Thanks for the info!

Just for future reference of anyone looking at this, unless I'm mistaken, it looks like voxeljs is using browserfy as opposed to require which also looks like a fine solution:

http://browserify.org/

Please correct me if I'm wrong :)

evidenciavisual commented 11 years ago

Hey guys, thanks for the effort, I'm diving into node.js as well, but I've found too tricky putting this package to work. Since the folder already contains some resources from the original github examples, Can anybody please share just a plain 'hello world'?. I just need to understand how to wire server and client together. Many thanks beforehand!
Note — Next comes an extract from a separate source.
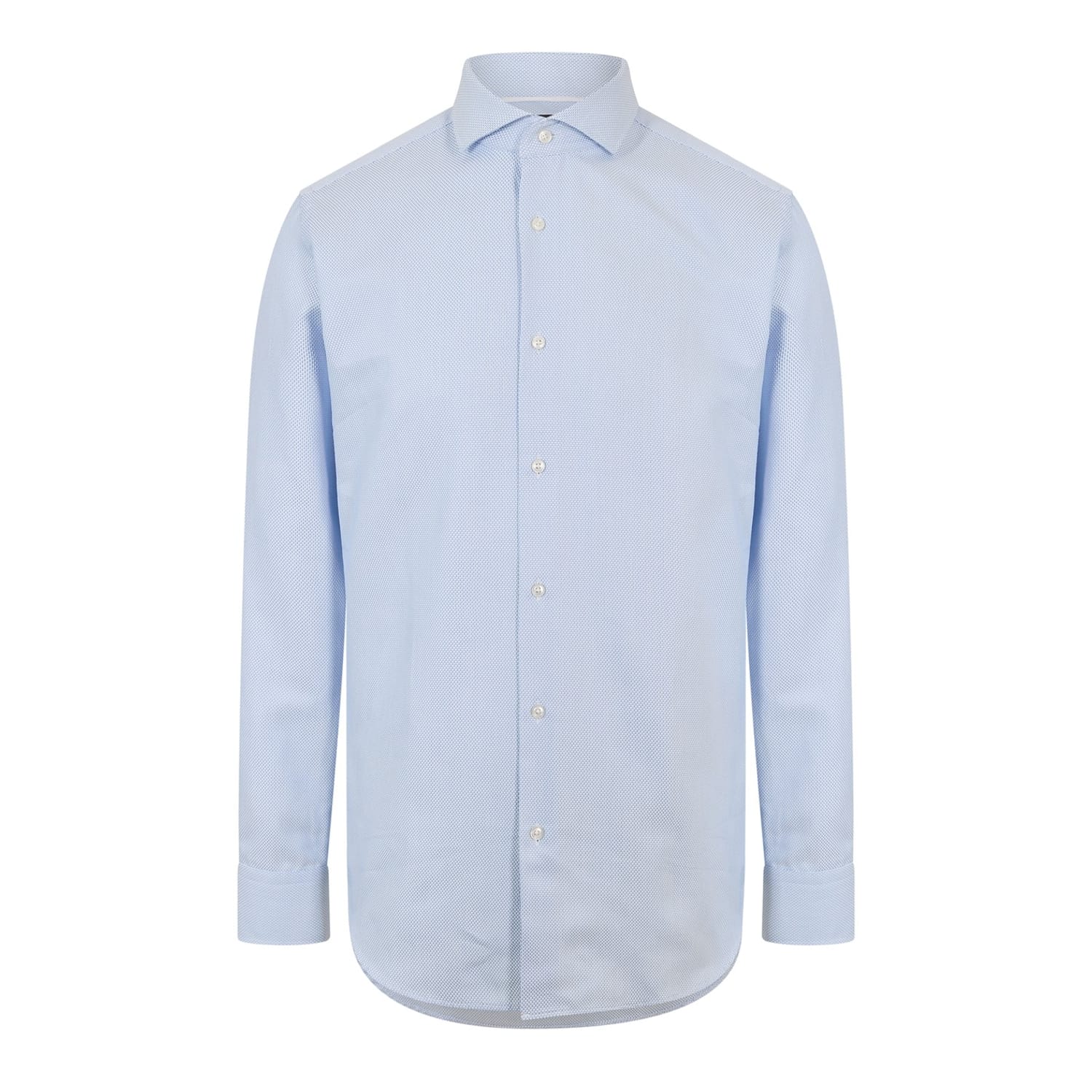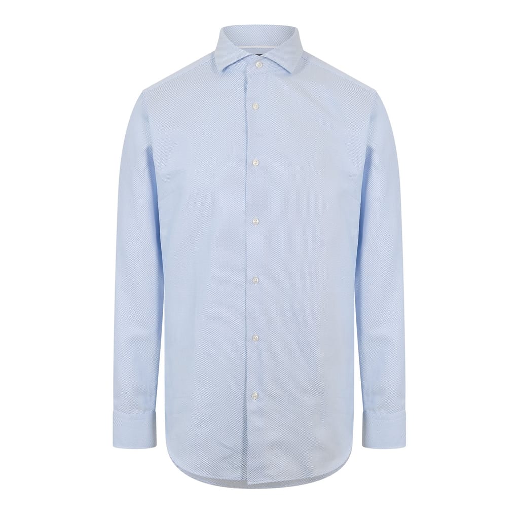 The Boss Joe top is a sophisticated choice for formal occasions. Featuring a spread collar and long shirt sleeves, it offers a regular fit for comfort. The solid pattern adds a classic touch, while the full button closure and barrel cuffs enhance its elegant design. The curved hemline completes the look, making it a versatile addition to any wardrobe. -
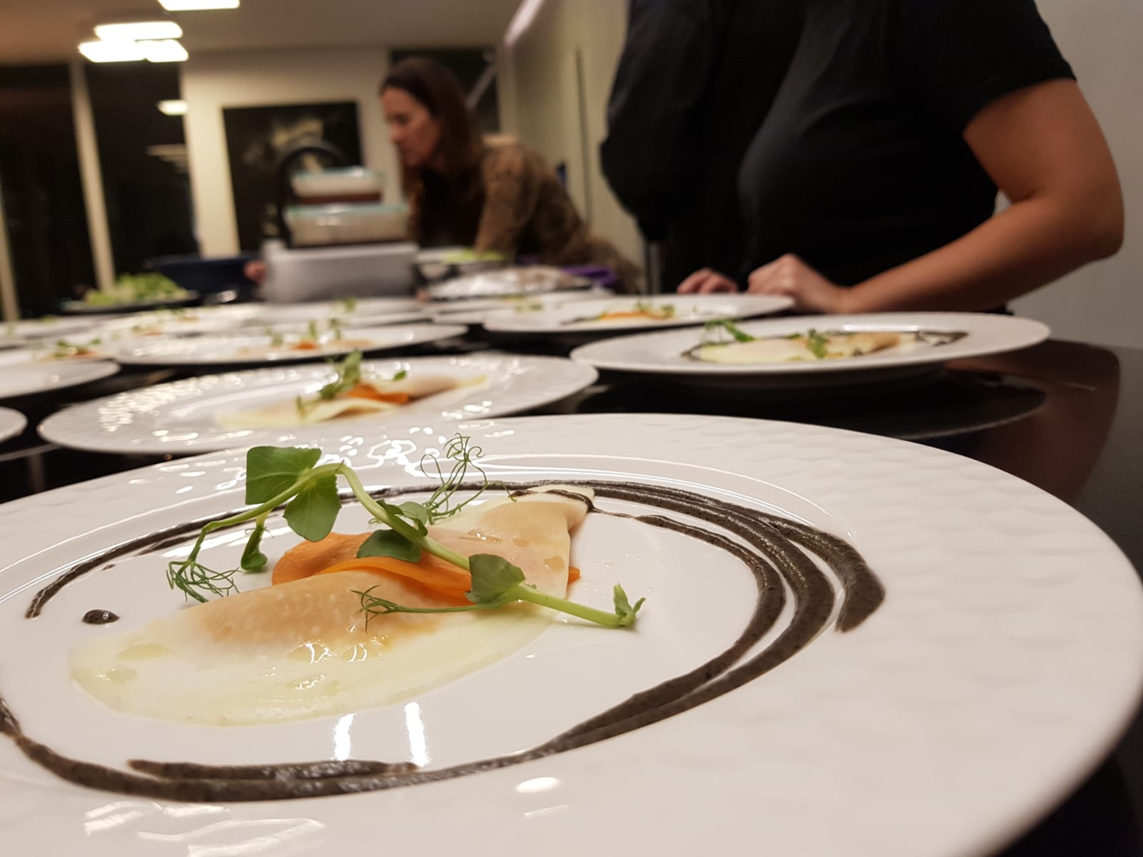 •קרפצ'ו פילה בקר עם שום קונפי צנוניות רוקט ובלסמי.

bhouston commented 11 years ago

http://Clara.io is running using the ThreeJS NPM module. For browser side, we do a post-process step on the ThreeJS minimized source to create a unique hashed file name, through it up on a CDN and then we use a custom multi-script loader in our main page which is like a simplified RequireJS -- I think you could just use RequireJS btw. We have a simpler setup for when running server side, we just use the standard NodeJS require() method.